Exercise directions: An exact copy of all the lines below is required, with every image left out.

Data segment:
━━━

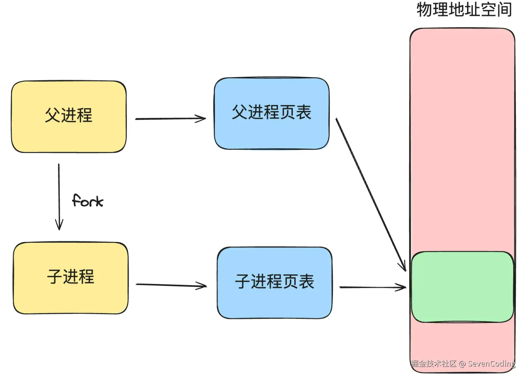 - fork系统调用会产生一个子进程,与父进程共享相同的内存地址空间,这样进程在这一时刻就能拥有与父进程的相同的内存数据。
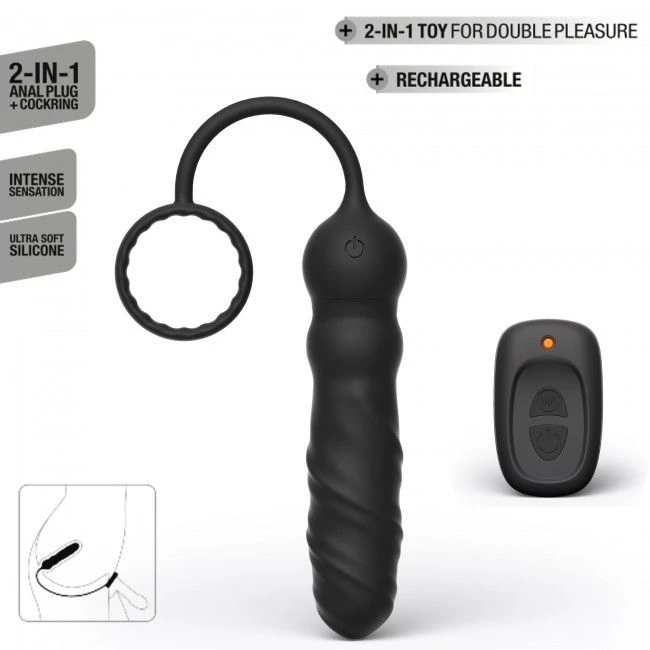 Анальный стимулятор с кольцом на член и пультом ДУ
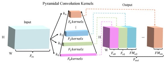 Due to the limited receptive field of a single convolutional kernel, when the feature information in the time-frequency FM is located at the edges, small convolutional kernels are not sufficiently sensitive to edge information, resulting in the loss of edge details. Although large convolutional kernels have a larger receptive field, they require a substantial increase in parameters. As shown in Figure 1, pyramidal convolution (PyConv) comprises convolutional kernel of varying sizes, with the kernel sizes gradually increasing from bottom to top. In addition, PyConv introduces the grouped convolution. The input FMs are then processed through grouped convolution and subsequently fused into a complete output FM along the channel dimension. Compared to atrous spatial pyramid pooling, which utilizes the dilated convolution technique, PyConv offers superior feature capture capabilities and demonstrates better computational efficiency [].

━━━

Result of this exercise:
 - fork系统调用会产生一个子进程,与父进程共享相同的内存地址空间,这样进程在这一时刻就能拥有与父进程的相同的内存数据。
 Анальный стимулятор с кольцом на член и пультом ДУ
 Due to the limited receptive field of a single convolutional kernel, when the feature information in the time-frequency FM is located at the edges, small convolutional kernels are not sufficiently sensitive to edge information, resulting in the loss of edge details. Although large convolutional kernels have a larger receptive field, they require a substantial increase in parameters. As shown in Figure 1, pyramidal convolution (PyConv) comprises convolutional kernel of varying sizes, with the kernel sizes gradually increasing from bottom to top. In addition, PyConv introduces the grouped convolution. The input FMs are then processed through grouped convolution and subsequently fused into a complete output FM along the channel dimension. Compared to atrous spatial pyramid pooling, which utilizes the dilated convolution technique, PyConv offers superior feature capture capabilities and demonstrates better computational efficiency [].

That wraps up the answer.